Dataset excerpt
========================================
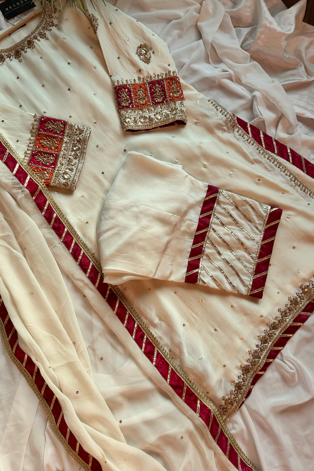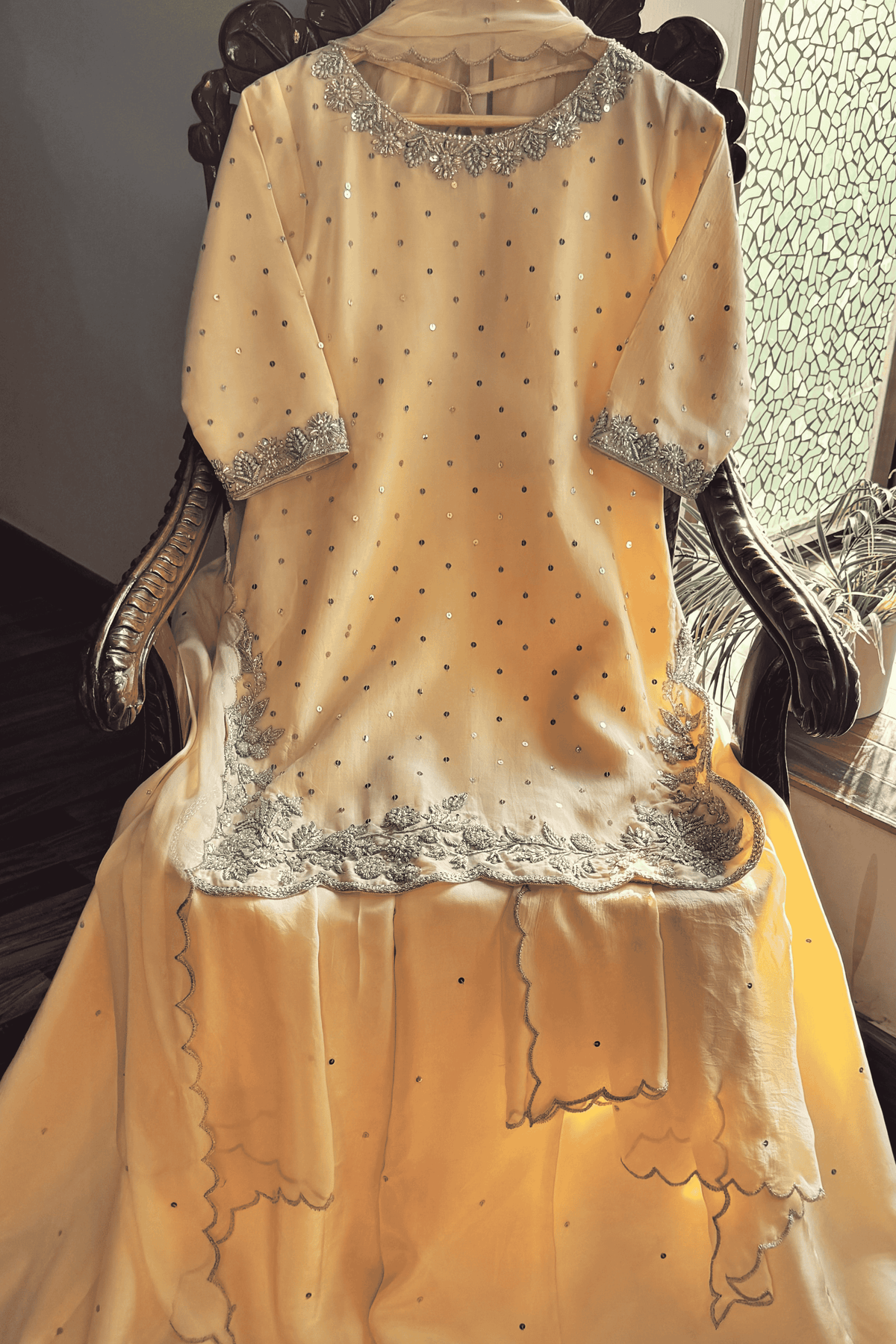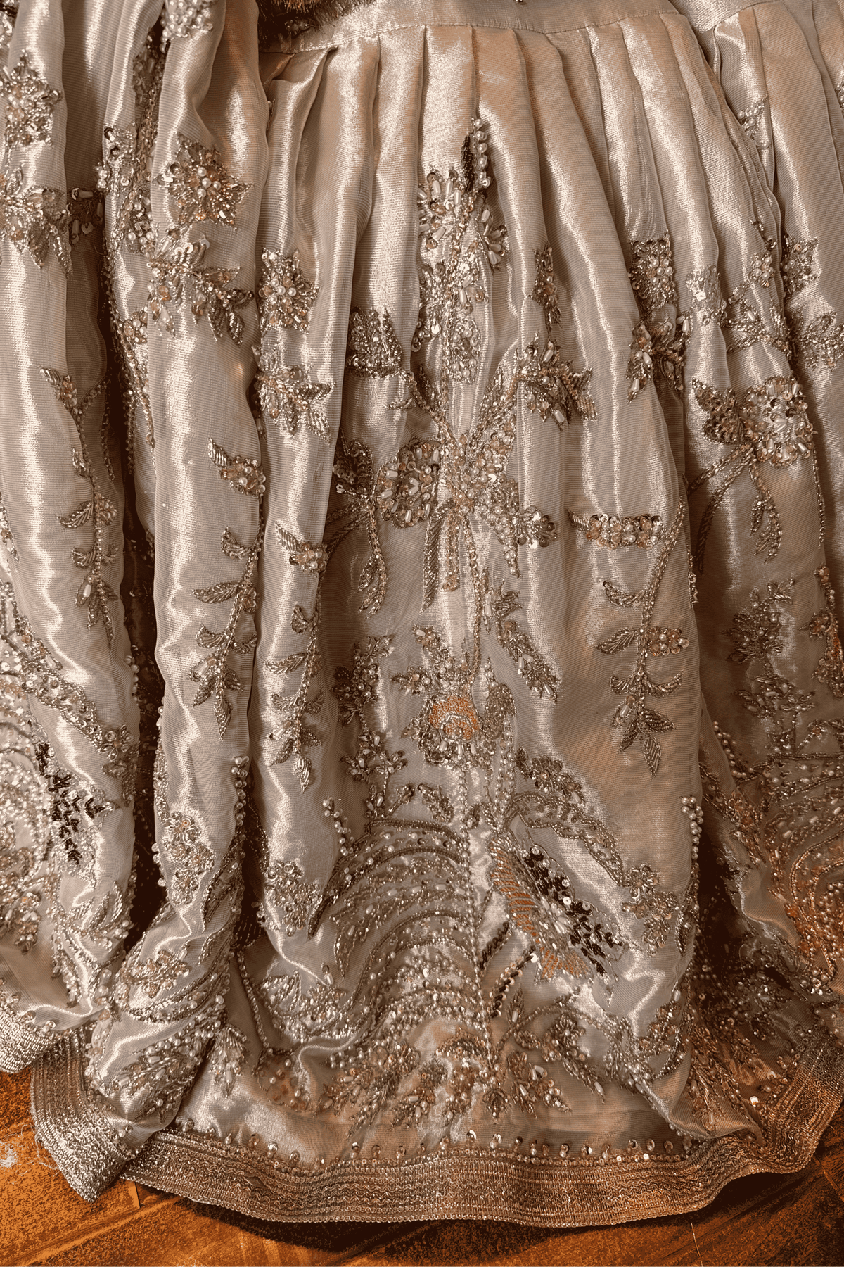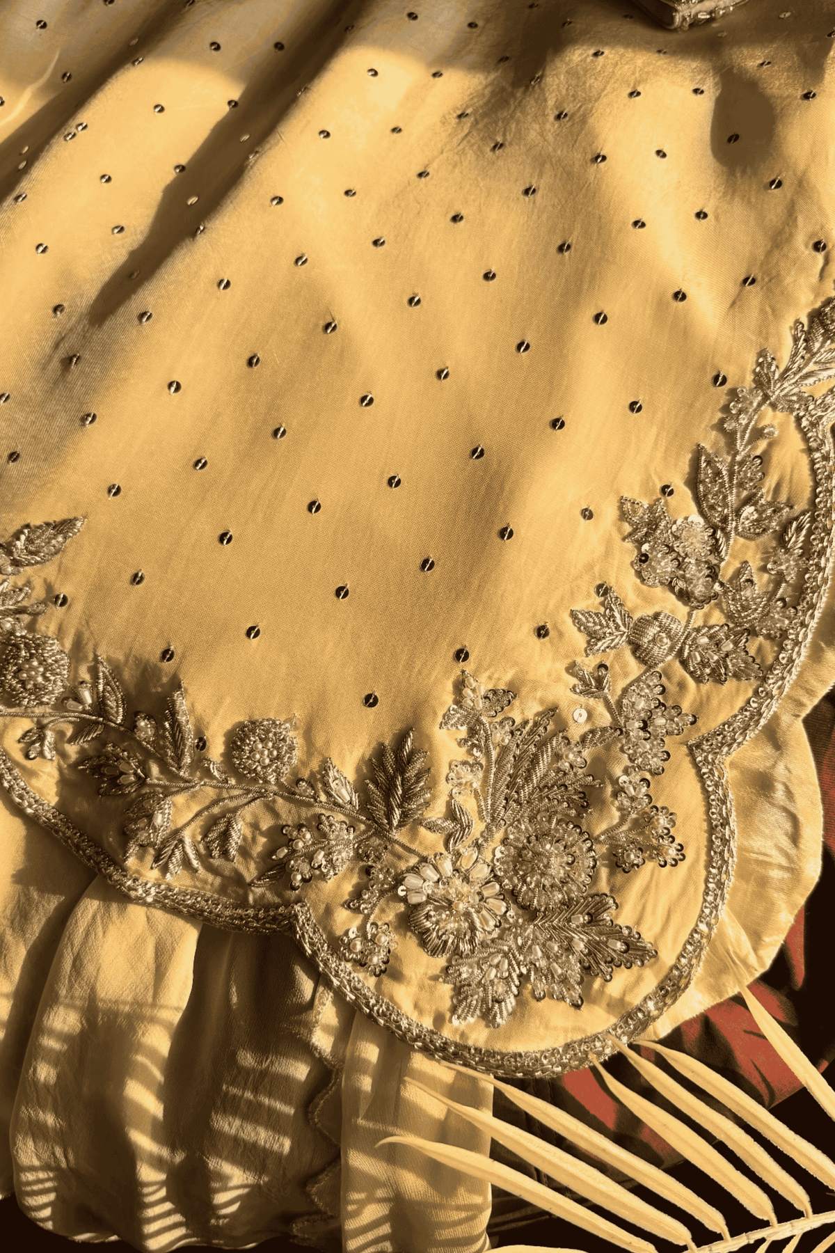 Embellishment: Pure Dabka Zardozi, Cutdana, Tilla, Sequins and Pearls
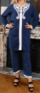 Jabador femme brodé - Ensemble 2 pièces (tunique et pantalon) - Couleur Bleu marine - REF. 33591 (29.90 €)
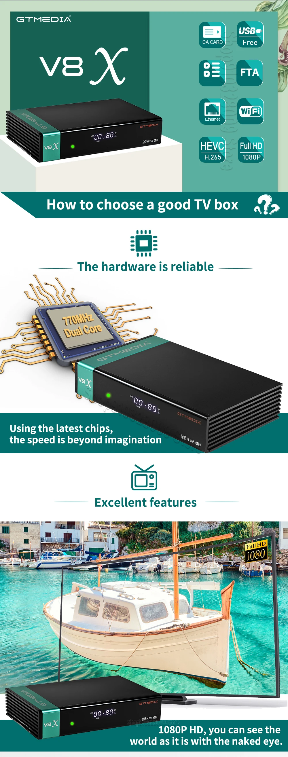 * V8X поддерживает новейшую систему H.265 HEVC main 10 в Италии, и просмотр в режиме реального времени будет более плавным. Он оснащен слотом для карт CA, который поддерживает большинство смарт-карт, разрешение видео 1080P и английский, испанский, португальский, русский и другие 24 языка. И вы можете избавиться от дорогих машин от поставщиков карт.
========================================
Your assignment
Give back all the material exactly, with no pictures.

Response
 Embellishment: Pure Dabka Zardozi, Cutdana, Tilla, Sequins and Pearls
 Jabador femme brodé - Ensemble 2 pièces (tunique et pantalon) - Couleur Bleu marine - REF. 33591 (29.90 €)
 * V8X поддерживает новейшую систему H.265 HEVC main 10 в Италии, и просмотр в режиме реального времени будет более плавным. Он оснащен слотом для карт CA, который поддерживает большинство смарт-карт, разрешение видео 1080P и английский, испанский, португальский, русский и другие 24 языка. И вы можете избавиться от дорогих машин от поставщиков карт.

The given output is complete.